[Information provided]

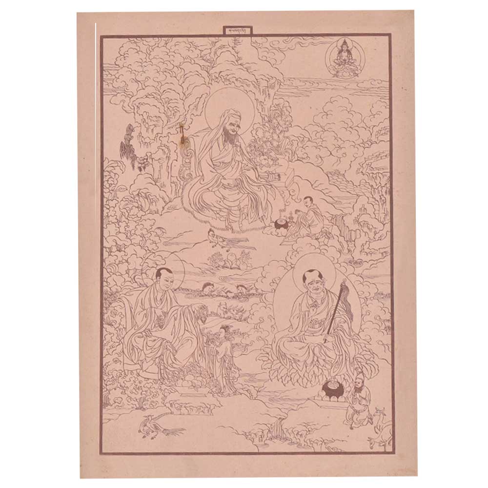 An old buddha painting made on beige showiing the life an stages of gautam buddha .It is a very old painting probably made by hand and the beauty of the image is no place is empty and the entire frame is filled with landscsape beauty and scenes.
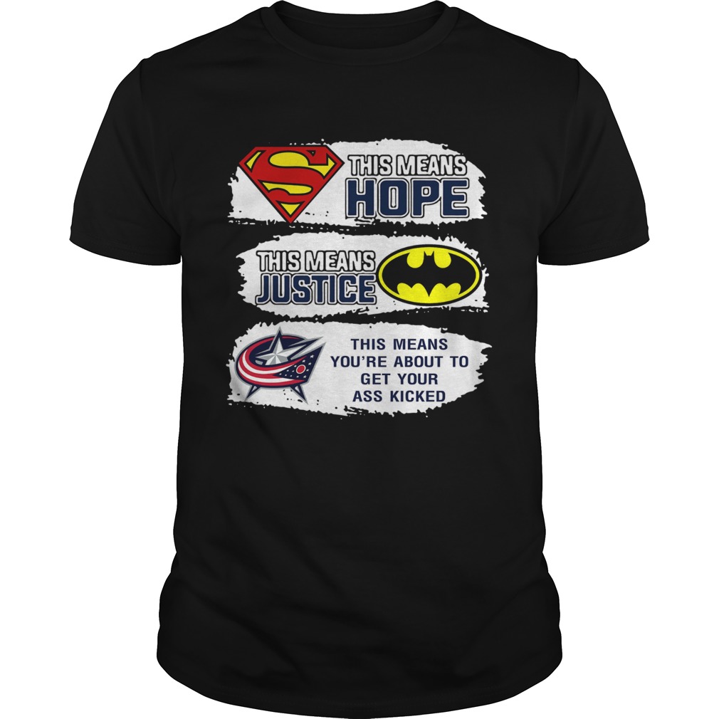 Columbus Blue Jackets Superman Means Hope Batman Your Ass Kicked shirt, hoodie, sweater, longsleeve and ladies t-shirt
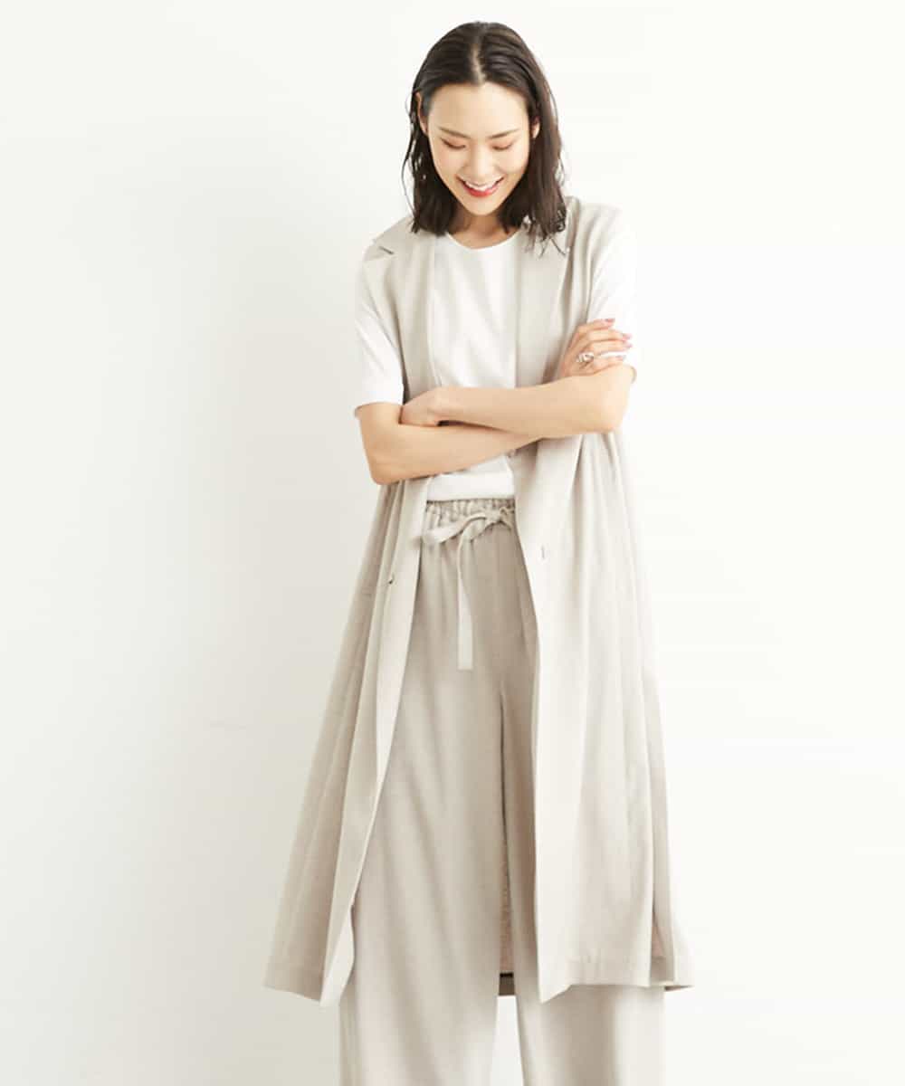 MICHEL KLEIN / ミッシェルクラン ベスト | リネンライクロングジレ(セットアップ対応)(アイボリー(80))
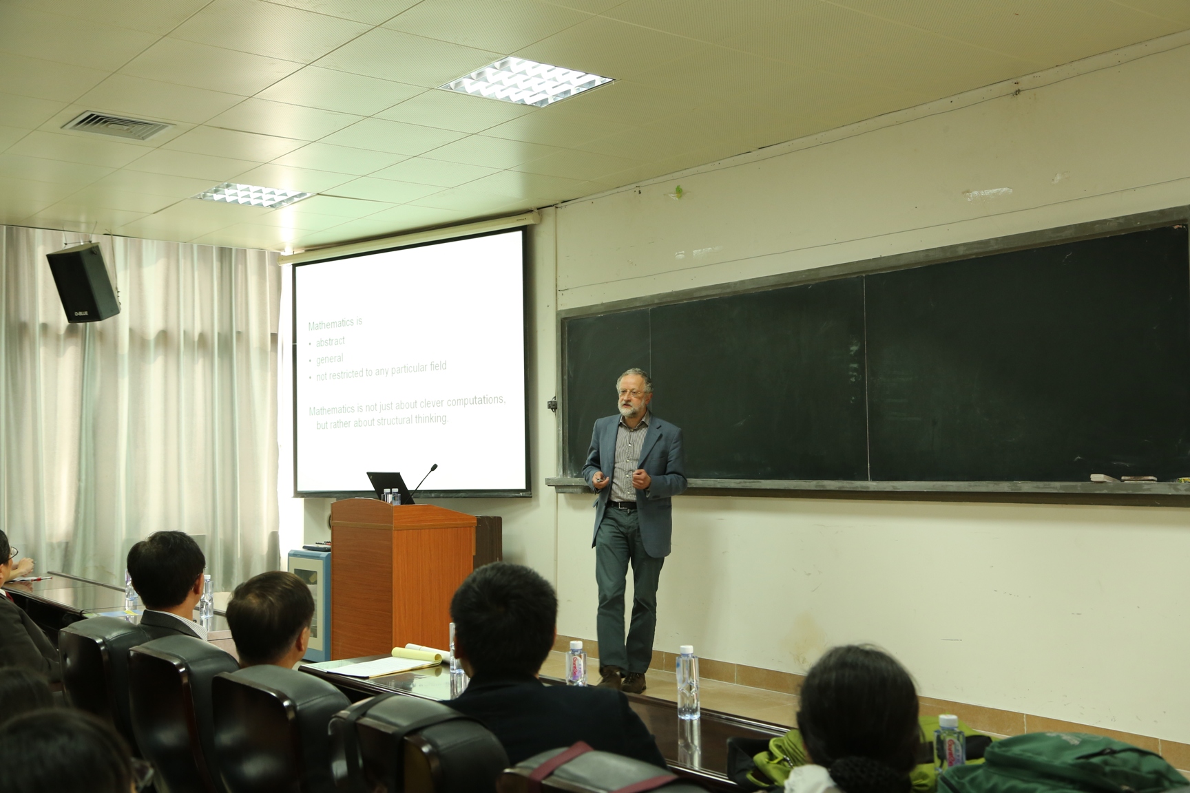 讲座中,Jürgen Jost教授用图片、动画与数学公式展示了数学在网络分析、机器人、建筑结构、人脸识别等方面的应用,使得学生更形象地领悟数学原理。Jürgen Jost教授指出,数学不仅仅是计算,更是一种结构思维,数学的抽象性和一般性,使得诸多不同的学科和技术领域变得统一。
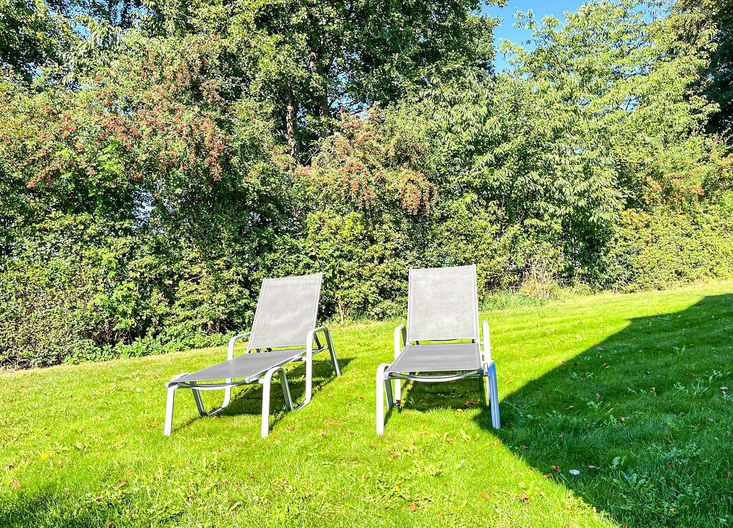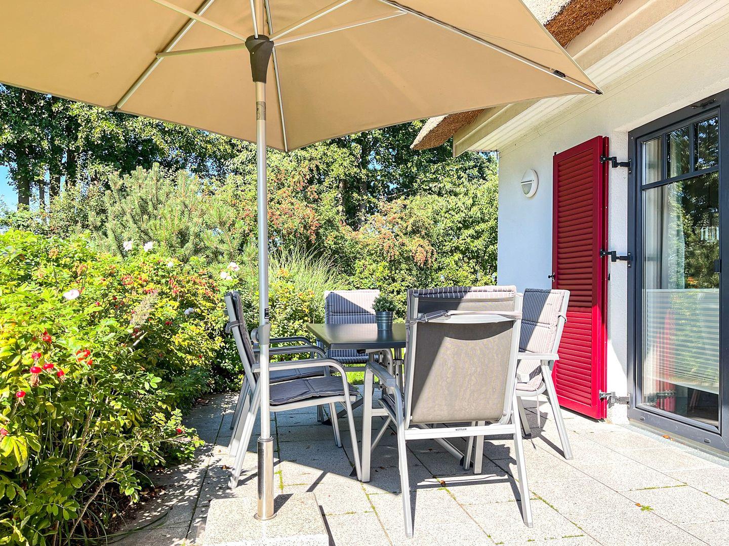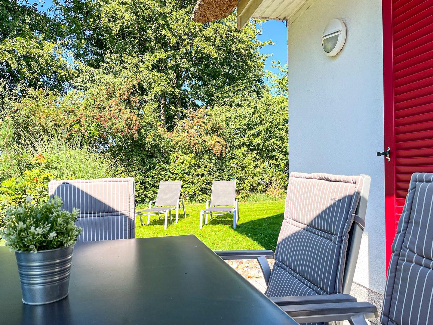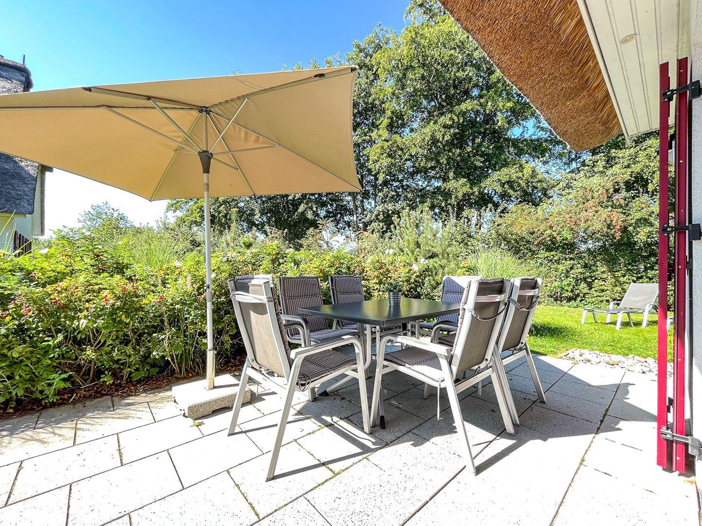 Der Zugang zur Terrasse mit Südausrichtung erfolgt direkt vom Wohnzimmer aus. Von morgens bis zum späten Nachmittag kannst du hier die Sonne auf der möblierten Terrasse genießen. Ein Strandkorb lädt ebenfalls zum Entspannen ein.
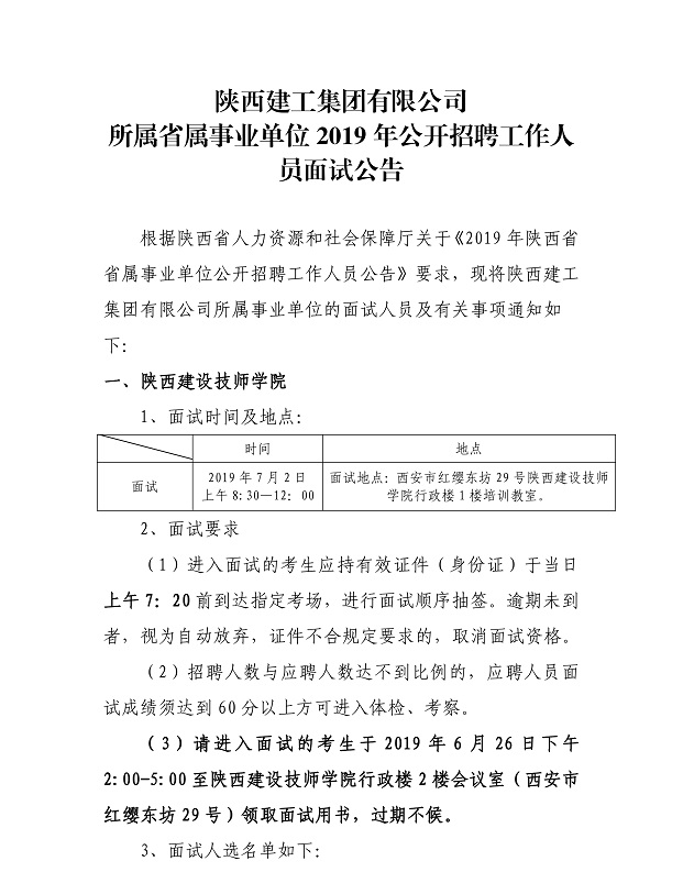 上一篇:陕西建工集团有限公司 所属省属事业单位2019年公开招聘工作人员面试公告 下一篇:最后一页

[/Information provided]

● Try it:
Copy the listing above verbatim, leaving out pictures.

● Result of the task:
 An old buddha painting made on beige showiing the life an stages of gautam buddha .It is a very old painting probably made by hand and the beauty of the image is no place is empty and the entire frame is filled with landscsape beauty and scenes.
 Columbus Blue Jackets Superman Means Hope Batman Your Ass Kicked shirt, hoodie, sweater, longsleeve and ladies t-shirt
 MICHEL KLEIN / ミッシェルクラン ベスト | リネンライクロングジレ(セットアップ対応)(アイボリー(80))
 讲座中,Jürgen Jost教授用图片、动画与数学公式展示了数学在网络分析、机器人、建筑结构、人脸识别等方面的应用,使得学生更形象地领悟数学原理。Jürgen Jost教授指出,数学不仅仅是计算,更是一种结构思维,数学的抽象性和一般性,使得诸多不同的学科和技术领域变得统一。
 Der Zugang zur Terrasse mit Südausrichtung erfolgt direkt vom Wohnzimmer aus. Von morgens bis zum späten Nachmittag kannst du hier die Sonne auf der möblierten Terrasse genießen. Ein Strandkorb lädt ebenfalls zum Entspannen ein.
 上一篇:陕西建工集团有限公司 所属省属事业单位2019年公开招聘工作人员面试公告 下一篇:最后一页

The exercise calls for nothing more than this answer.